En 2015, l’historien avait déclaré que "dans les familles arabes en France, l’antisémitisme on le tète avec le lait de la mère"

L'historien français Georges Bensoussan. (Crédit : capture d'écran YouTube)
L'historien français Georges Bensoussan. (Crédit : capture d'écran YouTube)

Saisie par les parties civiles (la Ligue des droits de l’Homme et le Collectif contre l’islamophobie en France), la Cour de cassation a confirmé la relaxe prononcée en première instance et en appel de l’historien Georges Bensoussan, ancien directeur de la Revue d’histoire de la Shoah, suite à des accusations d’incitation à la haine.

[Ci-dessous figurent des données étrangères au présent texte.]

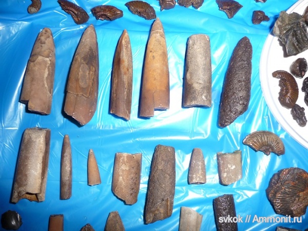 Найдены в местах выхода верхнеюрских глин в районе Марково. Лежали преимущественно по линии зимнего уровня воды в реке. Длина самых больших около 10 см, диаметр около 25 мм.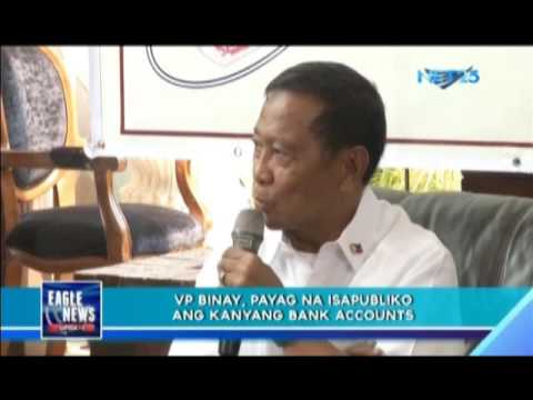 MANILA, Philippines – As he champions the passage of the Freedom of Information bill, Vice President Jejomar Binay said that he agrees with idea of opening his bank account to public scrutiny, adding that the Anti-Money Laundering Council already examined said accounts. (Eagle News Service Described by Jay Paul Carlos, Video Editing by Dexter Magno, Uploaded by MRFaith Bonalos)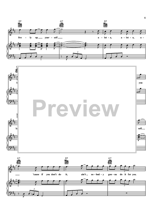 Digital Sheet Music for Lively Up Yourself by Bob Marley scored for Piano/Vocal/Chords; id:370177

Les fais remontent au 10 octobre 2015, quelques mois après les attentats contre Charlie Hebdo et l’Hyper-cacher de Vincennes. Lors d’un débat sur le « sens de la République » dans l’émission « Répliques » sur France Culture, Georges Bensoussan avait déclaré : « C’est une honte de maintenir ce tabou [l’antijudaïsme musulman, NDLR] à savoir que dans les familles arabes en France, l’antisémitisme on le tète avec le lait de la mère ».

Il citait là, de mémoire, une idée du sociologue Smaïn Laacher entendue dans un documentaire diffusé sur France 3, et revenait sur les attentats commis par des terroristes musulmans contre des cibles juives ces dernières années.

Dans le documentaire cité, Smaïn Laacher avait précisément déclaré : « Cet antisémitisme il est déjà proposé dans l’espace domestique et il est quasi naturellement déposé sur la langue, déposé dans la langue. Une des insultes des parents à leurs enfants quand ils veulent les réprimander, il suffit de les traiter de Juifs. Toutes les familles arabes le savent. C’est une hypocrisie monumentale que de ne pas voir cet antisémitisme, il est d’abord domestique. Il est comme dans l’air qu’on respire. »

Smaïn Laacher n’avait pas fait l’objet de poursuites judiciaires pour ses propos.

Suite à cette relaxe en cassation, l’affaire visant Georges Bensoussan se termine, après trois ans de démêlés judiciaires. En 2015, elle avait vivement divisé la LICRA, qui comptait alors parmi les parties civiles. Dans ses rangs, des militants contestaient la décision de la direction de poursuivre l’historien, quand d’autres – Mohamed Sifaoui en premier lieu, témoin lors du procès –, la soutenaient.